HERE IT IS:
Canadian Company Press Release
TBC.A 1999-01-11 (provided courtesy of Canadian Corporate News.) register to receive future releases by email from CCN
Signing of a Definitive Agreement Between Tembec and Crestbrook
VANCOUVER, BRITISH COLUMBIA--Frank Dottori, President and Chief Executive Officer of Tembec Inc. ("Tembec") and Jim Shepherd, President and Chief Operating Officer of Crestbrook Forest Industries Ltd. ("Crestbrook") announced today the signing of a definitive agreement between Tembec and Crestbrook which calls for Tembec to acquire all of the outstanding shares of Crestbrook by way of a plan of arrangement (the "Arrangement"). Under the Arrangement, shareholders of Crestbrook may elect to receive either (a) 0.51298 of a Class A Tembec Share or (b) $4.50 cash, for each Crestbrook share, with the maximum aggregate cash payable not exceeding $23.5 million. Any shortfall in available cash will be satisfied by the issuance of Tembec Shares. There are 15.65 million Crestbrook Shares outstanding.

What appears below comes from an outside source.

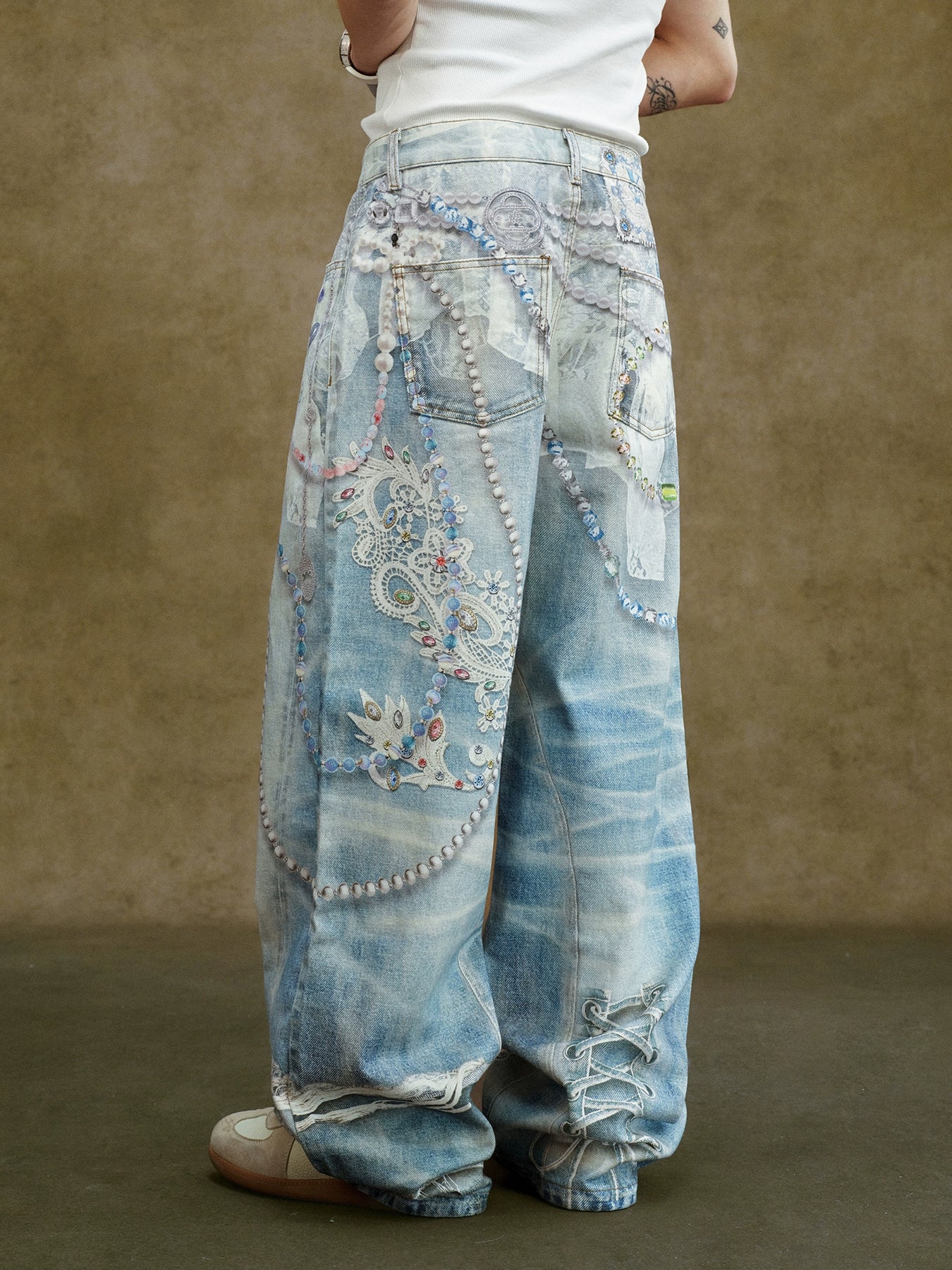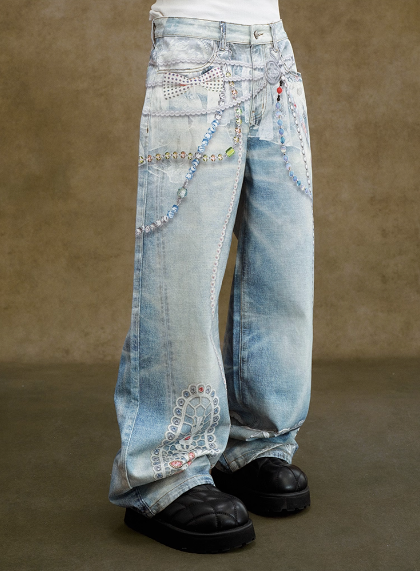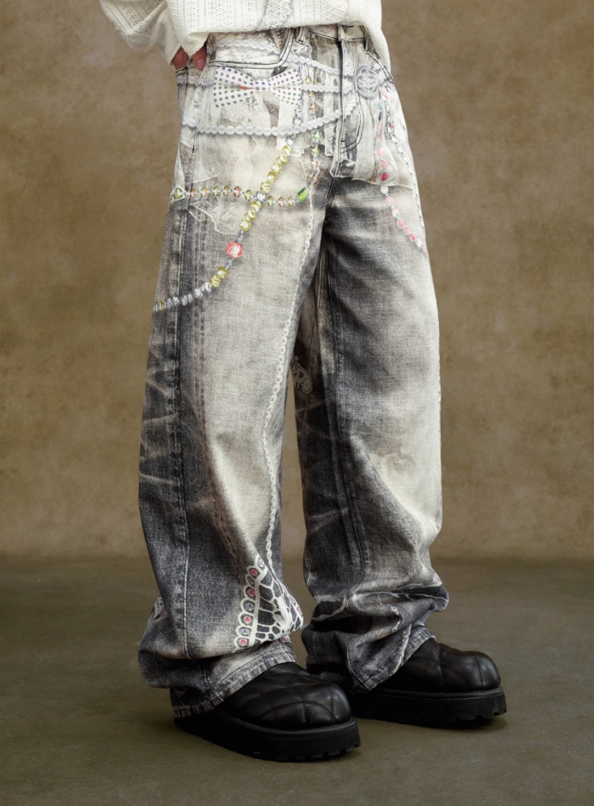 YADcrew Lace Color Bead Chain Photorealistic Print Jeans

In addition, Crestbrook shareholders will receive a Contingent Value Right which may entitle the holder to receive a one-time payment on March 31, 2000 of up to a maximum of $1.50 per Crestbrook share depending upon the amount by which the average price of NBSK pulp for calendar 1999 exceeds US$549/tonne. The current quoted price for these purposes is approximately US$500/tonne.
Completion of the transaction is subject to certain conditions including receipt of the approval of Crestbrook shareholders at a meeting anticipated to be held on or about March 23, 1999, and receipt of all applicable regulatory approvals including in particular approval of the Minister of Forests under the British Columbia Forest Act.
Mitsubishi Corporation, the owner of approximately 30.65 percent of the outstanding common shares of Crestbrook and Oji Paper Co., Ltd., the owner of approximately 20.43 percent of the outstanding common shares of Crestbrook have entered into lock-up agreements with Tembec where they have agreed to vote in favour of the Plan of Arrangement. Under the Lock-up Agreements, Mitsubishi and Oji may not accept any other offer or proposal unless it is in excess of $5.00 per Crestbrook Share.
The Board of Directors of Crestbrook has unanimously recommended that its shareholders vote in favour of the plan of arrangement upon the recommendation of an Independent Committee of Crestbrook's Board. The Independent Committee received a fairness opinion from its financial advisor, CIBC Wood Gundy Securities Inc. that the consideration to be received under the offer is fair from a financial point of view to the Crestbrook Minority Shareholders.
Nesbitt Burns Inc. is acting as financial advisor to Tembec in connection with the transaction.
Frank Dottori stated: "We believe that Crestbrook has modern assets, good management and employees and significant upside potential. The combination of Tembec and Crestbrook will bring significant synergies and will create additional value for our shareholders."
Jim Shepherd stated: "This transaction provides an opportunity for both Crestbrook shareholders and employees to move forward with an organization that shares its culture and philosophy."
Tembec is a major Canadian integrated forest products company. Tembec's Class A shares and 6.5 percent convertible unsecured subordinated U.S. dollar denominated debentures are listed on The Toronto Stock Exchange and the Montreal Exchange respectively under the symbols TBC.A and TBC.DB.U, respectively. More information on Tembec can be obtained at its home page www.tembec.ca
Crestbrook produces pulp, dimension lumber and higher value lumber products at its facilities in southeastern British Columbia. Crestbrook's common shares are listed on The Toronto Stock Exchange and the Vancouver Stock Exchange under the symbol CFI.